Response by Endaoment

Prefer separation of AUM and deposit/redemption code and fee assessment

G-2

Unnecessary asset check in _maxCap()

Topic
Gas Optimization
Status
Wont Do
Gas Savings
Low

In Portfolio.sol, the function _maxCap() checks the registry to ensure the asset is the same as the registry’s baseToken.

function _checkCap() internal virtual {
    if (asset != address(registry.baseToken())) revert BadCheckCapImplementation();
    if (totalAssets() > cap) revert ExceedsCap();
}

Reference: Portfolio.sol#L295-L298

However, in each of the 5 portfolio contracts in scope, it is ensured in the constructor that the asset is the same as the registry’s baseToken, since both of which are immutable, the check is unnecessary.

if (address(baseToken) != asset) revert AssetMismatch();

Reference: AaveUSDCPortfolio.sol#L56

Remediations to Consider

In each of the portfolio contracts in scope, override the _checkCap() function, removing the unnecessary check, reducing gas costs.

Response by Endaoment

Check was recommended in last audit, so we’ll leave it in place

G-3

Use baseToken value in _checkCap()

Topic
Gas Optimization
Status
Gas Savings
Low

In Portfolio.sol, the _checkCap() function queries the registry for the baseToken and checks to see if the portfolios asset is the same.

function _checkCap() internal virtual {
    if (asset != address(registry.baseToken())) revert BadCheckCapImplementation();
    if (totalAssets() > cap) revert ExceedsCap();
}

Reference: Portfolio.sol#L295-L298

However, the baseToken value in the registry is immutable, so it cannot change, and in Portfolio.sol’s constructor it sets the value of baseToken by querying it from the registry, so the value of baseToken will be the same as the value queried from the registry, but costs less gas to use as it isn’t an external call.

Remediations to Consider

Use baseToken instead of registry.baseToken() in _checkCap() to prevent an external call, and reduce gas cost.

Disclaimer

Macro makes no warranties, either express, implied, statutory, or otherwise, with respect to the services or deliverables provided in this report, and Macro specifically disclaims all implied warranties of merchantability, fitness for a particular purpose, noninfringement and those arising from a course of dealing, usage or trade with respect thereto, and all such warranties are hereby excluded to the fullest extent permitted by law.

Macro will not be liable for any lost profits, business, contracts, revenue, goodwill, production, anticipated savings, loss of data, or costs of procurement of substitute goods or services or for any claim or demand by any other party.
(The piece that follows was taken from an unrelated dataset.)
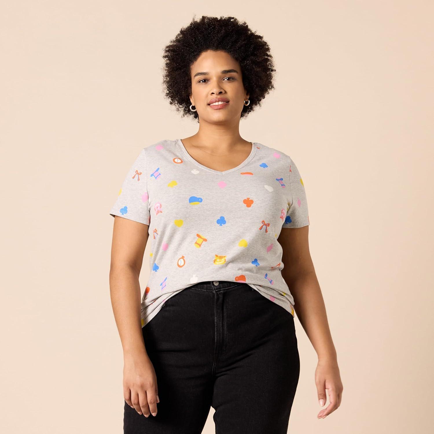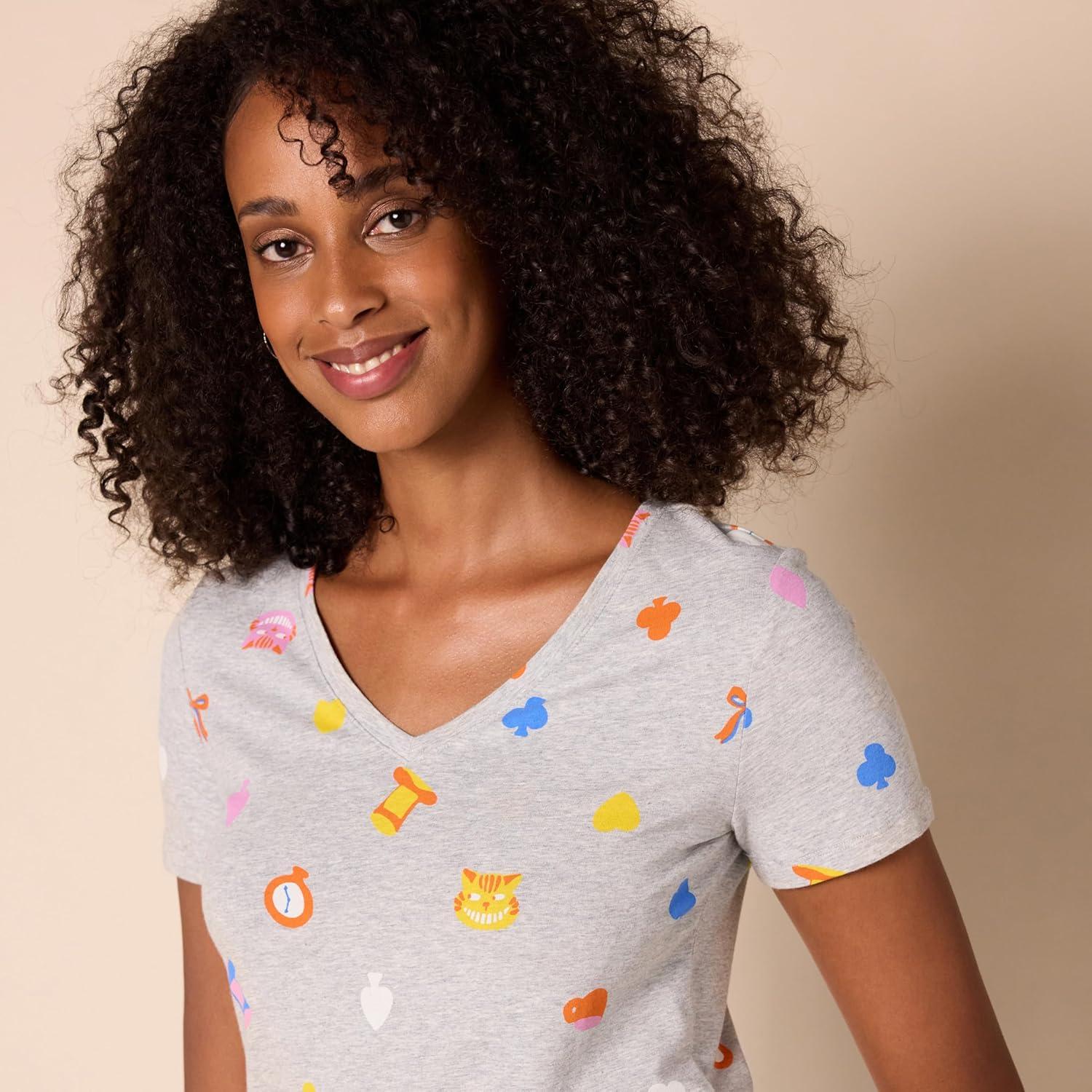Amazon Essentials Disney | Marvel | Star Wars | Princess Women's Classic-Fit Short-Sleeve V-Neck T-Shirt, Multipacks(Disney Alice)

In no event will Macro be liable for consequential, incidental, special, indirect, or exemplary damages arising out of this agreement or any work statement, however caused and (to the fullest extent permitted by law) under any theory of liability (including negligence), even if Macro has been advised of the possibility of such damages.
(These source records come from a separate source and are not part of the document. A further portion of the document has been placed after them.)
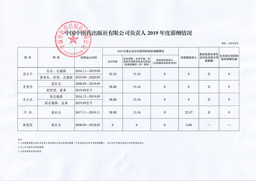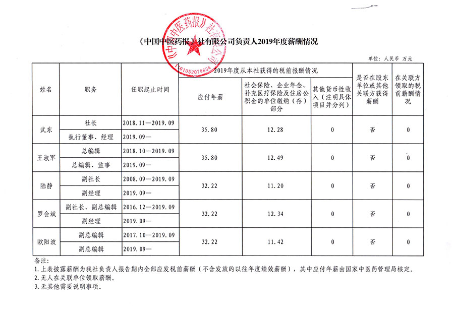 2019年度國家中醫藥管理局直屬企業負責人薪酬情況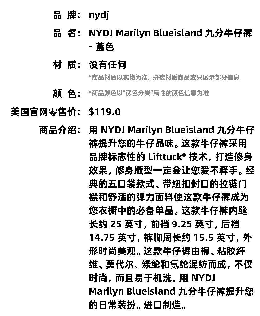 Укороченные джинсы NYDJ Marilyn Blueisland NYDJ — синий американский аутлет, прямые волосы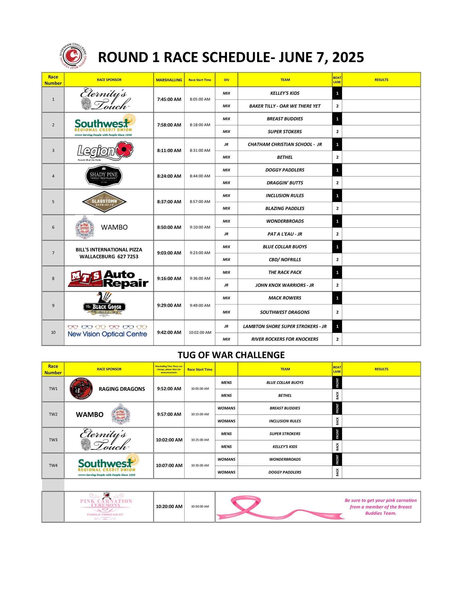 Stay sharp and listen for announcements! If races are ahead of schedule, your team might be called to the marshalling area earlier than expected. The first team will be marshalled and loaded into the boats at 7:45 AM—so be ready!

The scope of this report and review is limited to a review of only the code presented by the Endaoment team and only the source code Macro notes as being within the scope of Macro’s review within this report. This report does not include an audit of the deployment scripts used to deploy the Solidity contracts in the repository corresponding to this audit. Specifically, for the avoidance of doubt, this report does not constitute investment advice, is not intended to be relied upon as investment advice, is not an endorsement of this project or team, and it is not a guarantee as to the absolute security of the project. In this report you may through hypertext or other computer links, gain access to websites operated by persons other than Macro. Such hyperlinks are provided for your reference and convenience only, and are the exclusive responsibility of such websites’ owners. You agree that Macro is not responsible for the content or operation of such websites, and that Macro shall have no liability to your or any other person or entity for the use of third party websites. Macro assumes no responsibility for the use of third party software and shall have no liability whatsoever to any person or entity for the accuracy or completeness of any outcome generated by such software.